—Eres un viejo zorro —dijo el Gallego, impaciente—. En todo este tiempo me he estado preguntando si no estarás intentando embaucarme.
—¿Tienes el hacha? —preguntó el capitán.
—Tengo el hacha —dijo el Gallego.
—Entonces déjala en el suelo, donde yo pueda alcanzarla —dijo el capitán.
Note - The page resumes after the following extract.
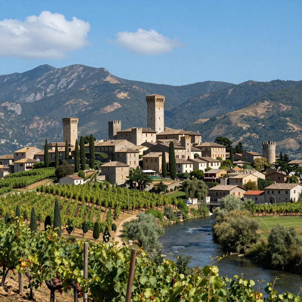 Scenic view of a medieval Italian village nestled in lush vineyards with cypress trees, along a winding river in the Apennine mountain range. The rugged mountains provide a dramatic backdrop under a clear blue sky with scattered clouds. Traditional stone buildings and medieval towers are visible, reflecting rural Italian architecture and the region's historical heritage.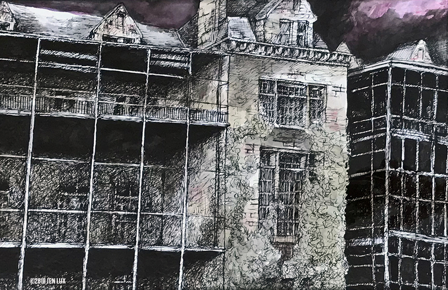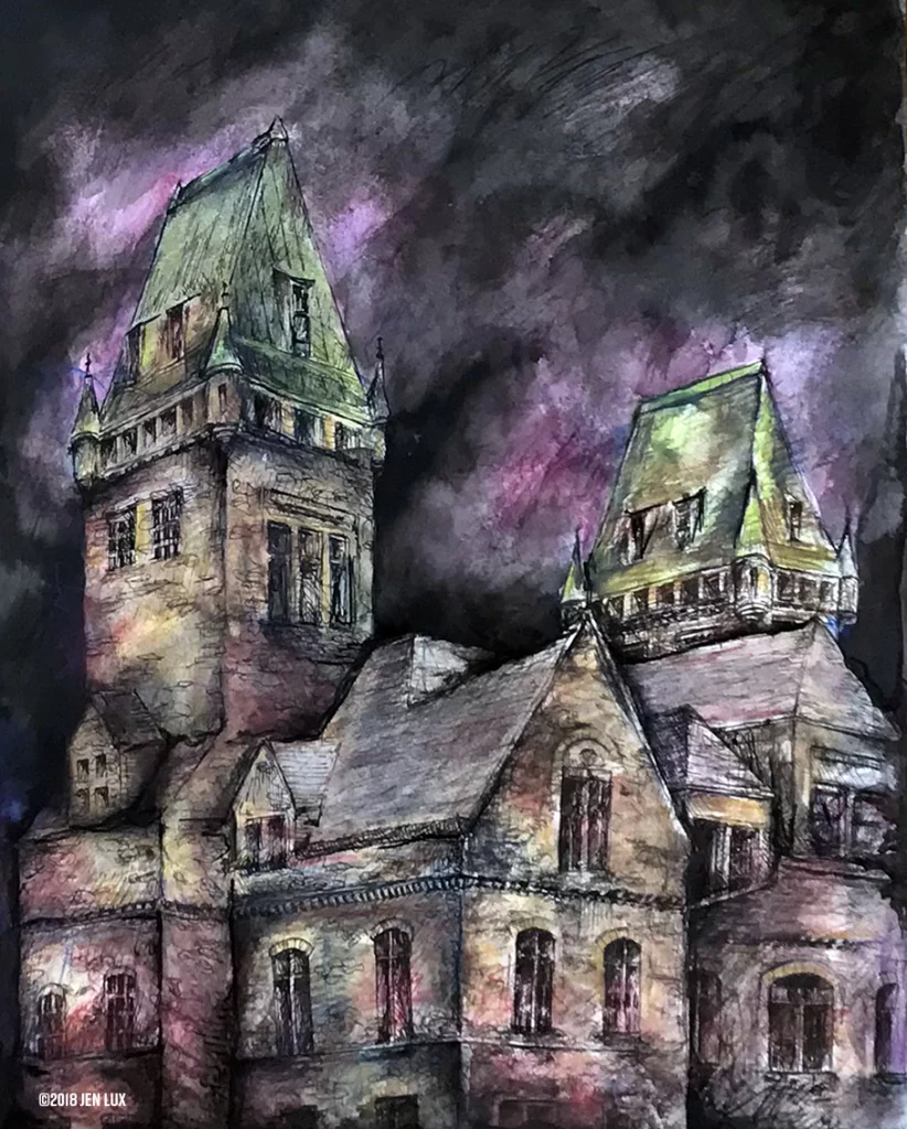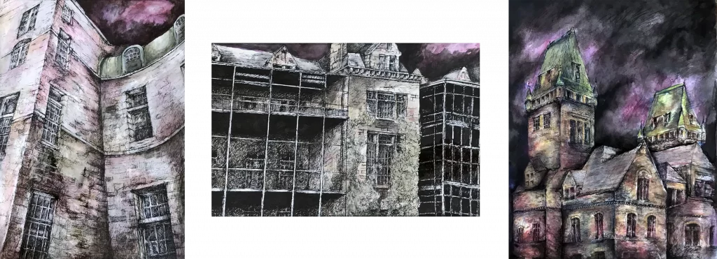 Expressionistic renderings of the former Buffalo Psychiatric Center designed in the late 1880s by H.H. Richardson. It is now The Richardson Olmstead Complex, a mixed space which includes a luxury hotel, a conference center, and a museum. Additionally, a portion of the campus houses the Lipsey Architecture Center. It is a National Historic Landmark set on more than 40 acres of historic green space with a park campus designed by Fredrick Law Olmsted. For an interesting look at the history of this campus, watch the Video of the Richardson Olmstead Complex

El Gallego no se movió. Parecía indeciso, y cuando empezó a hablar, el tono de su voz confirmó esta impresión.
—¿Qué pasaría si te doy el hacha? ¿Tú me dices dónde está el escondite y, después, vuelvo a quitarte el hacha? ¿Qué podrías hacer?
Era desconfiado como una vieja corneja.
—Si intentas quitarme el hacha, gritaré —dijo tranquilamente el capitán—. Gritaré tan fuerte, que los centinelas llegarán en seguida y te atraparán. Y entonces hablaré. No tengo nada que perder, ¿comprendes?
El Gallego no dijo nada, y el capitán, durante un instante, temió haber exagerado demasiado la suma guardada en el supuesto escondite. A cualquier hombre medianamente inteligente le habría parecido extraño que alguien con tanto dinero en el interior del país no se hubiese marchado hacía ya mucho tiempo.
—¿Y quién me garantiza que encontraré el dinero? —preguntó el Gallego.
El capitán respiró hondo. Sonó como un suspiro.
—Escúchame, Diego —dijo casi con dulzura—. Tú sabes cuánto tardaré en romper las ataduras de las manos con el hacha. Tú has visto el garfio del que cuelga la cadena que llevo a los pies. El escondite está tan cerca de aquí, que estarás de regreso antes de que yo haya cortado la primera correa. ¿Por qué iba a engañarte?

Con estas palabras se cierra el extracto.